Киран, подперев подбородок сложенными пальцами, уставился куда-то в пустоту. По его виду и горящими мечтательными огоньками глазам было видно, как он уже примерят на себя славу того самого спасителя города и укротителя трущоб. Перед его взором явно оживали грезы о статуях и толпах благодарных горожан, что бросали ему под ноги монеты и лепестки цветов, пока сам он шел по величайшей стройке, которая должна была исправить последний изъян этого прекрасного города. Жаль, что его мечтам было не суждено исполниться.
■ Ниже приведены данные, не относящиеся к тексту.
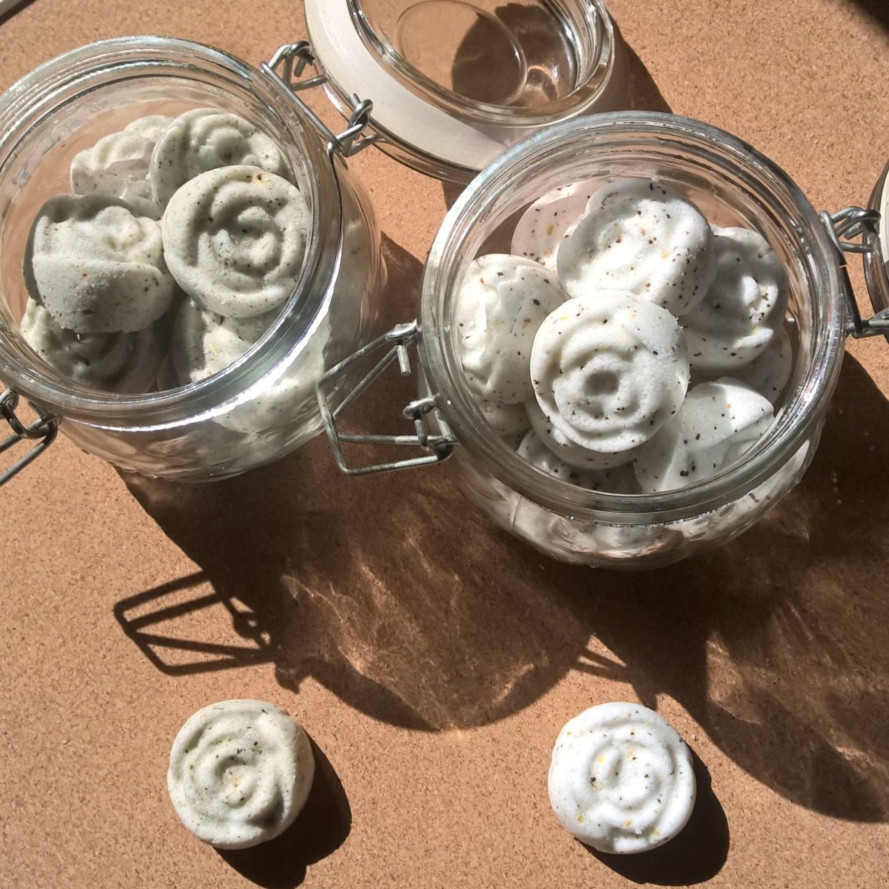 Soodaa, sitruunahappoa, pähkinäöljyä ja hiukan aromiyljyä ja yrttiteetä sekä hitunen vettä. Ja kappas, kylpyporekukkaset muotissa kuivuttuaan ovat valmiita käyttöön. Oih, ne toimi!

Ведь место триумфатора уже было готово под совсем иного человека.
– Благодарю тебя за всё, Джаромо, – произнес он, наконец, тихим голосом. – За ближайшую пару месяцев я подготовлю коллегию к… правильному решению.
– Уверен, что за это время их отлично подготовит ещё и воцарившаяся в Аравеннах атмосфера. Ибо нет большего ужаса для достопочтенных тайларов, чем взбесившиеся иностранцы, устроившие резню прямо у их порога.
– Всё так, – с улыбкой проговорил Киран Тайвиш, и, поморщившись, встал, стараясь не опираться на левую ногу. – Но кажется, нам пора прощаться. Полагаю, что и тебя ждут другие дела?
– Ты полагаешь верно. И боюсь, что в твоем обществе я как всегда утратил счет времени и часам.
Эпарх вместе с Великим логофетом прошли через малую залу, будущий зал заседаний Городской коллегии и подошли к дверям, ведущим на лестницу.
– Знаешь, Джаромо, порою мне кажется, что эта гавань может стать моим наследием. – голос правителя города вновь обрел мечтательные нотки. – Раз уж боги отказали мне в благословении с детьми, то пусть хоть так мое имя впишется в историю государства и так полюбившегося мне города.
– Как же так Киран! Твои слова поражают и удивляют меня, ведь у тебя, в отличие от Шето, три взрослых дочери. И каждая из них заслуженно считается красавицей и выдана весьма и весьма удачно…
– Ох, прошу именем всех богов, – не ломай эту комедию. Уж кто-кто, а ты лучше всех знаешь наши семейные дела и в курсе, что каждая из них – это моя боль и разочарование. Большое счастье, что мне хоть удалось услать их как можно дальше, иначе они бы ежедневно марали наше славное имя. Вот хоть старшая, Миена. Я не так сильно приукрашу, если скажу, что за последнее пару лет через неё прошло больше мужчин, чем солдат по Царскому шагу во время триумфа. Милете, если верить письмам моего зятя, больше нравятся женщины, а Итара – дура каких ещё поискать. К счастью – дура весьма плодовитая и я надеюсь, что среди моих пяти внуков найдется хоть кто-нибудь толковый. Кстати, старшему из них, Ирло, уже исполнилось двенадцать. Прекрасный возраст, чтобы входить во взрослую жизнь. Может, ты найдешь для него местечко? Я вот думал про армию, но все больше размышляю про жречество.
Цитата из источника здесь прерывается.